In order to achieve these potential treatment monitoring benefits without solid tumor tissue, highly sensitive analysis from blood-based CTCs or ctDNA is crucial. Although relatively abundant in late-stage diseases, the amount of tumor burden found in the blood is not close to the number of cells obtainable via tissue biopsy. Most key predictive biomarker tests would need sensitivities at the single-cell level in order to successfully be detected in blood. In a best-case scenario, detection of expression, amplification, and mutation changes requires sensitivities of one tumor cell in 100,000 nucleated blood cells. However, tumor cells are more likely to occur at only 1:1,000,000, or even down to 1:100,000,000 in the total nucleated cell population.
Today, for a tissue biopsy, sensitivity rates reach approximately 1:20–1:1,000 at best. Therefore, the shift in sensitivity from tissue biopsy to a liquid biopsy requires significant advances in lab-based technological platforms. This reality does not address the various informatics hurdles that come from managing the wealth of data that is produced from a single biopsy sample. Cutting-edge platforms to extrapolate tumor information from blood-based samples must also be implemented in a manner that proves to be scalable, cost-effective, and reproducible.

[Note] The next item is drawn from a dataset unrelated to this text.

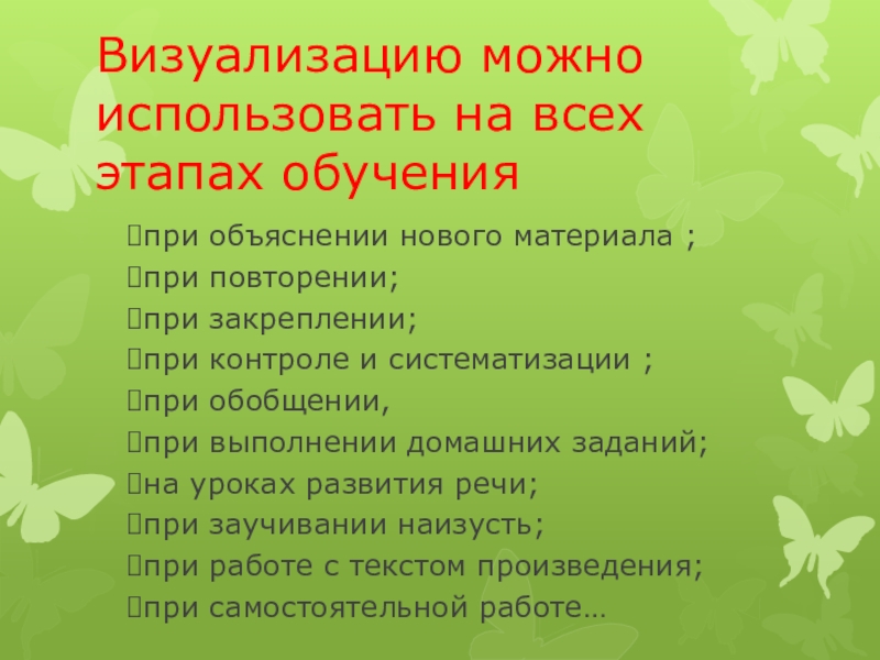 Слайд 4Визуализацию можно использовать на всех этапах обучения

Liquid biopsy, combined with personalized therapies, has the potential to transform cancer from a deadly disease to a chronic but manageable one. As newer and more effective therapies reach the market, the need to monitor patients’ cancer-associated molecular profiles on a regular basis is essential. A liquid biopsy enables physicians to appropriately monitor and modify the course of treatment for patients based on their response to therapy. Physicians have the ability to save and extend lives without solid tumor tissue now that diagnostics assessing genetic biomarkers have advanced to a point where meaningful information can be gleaned from a blood-based sample. As the future of cancer treatment becomes increasingly personalized, clinicians will need to carefully consider how liquid biopsies fit into their diagnostic and treatment decisions.
Lyle Arnold serves as Senior Vice President and Chief Scientific Officer for Biocept, Inc. Raaj Trivedi serves as Vice President, Commercial Operations for Biocept.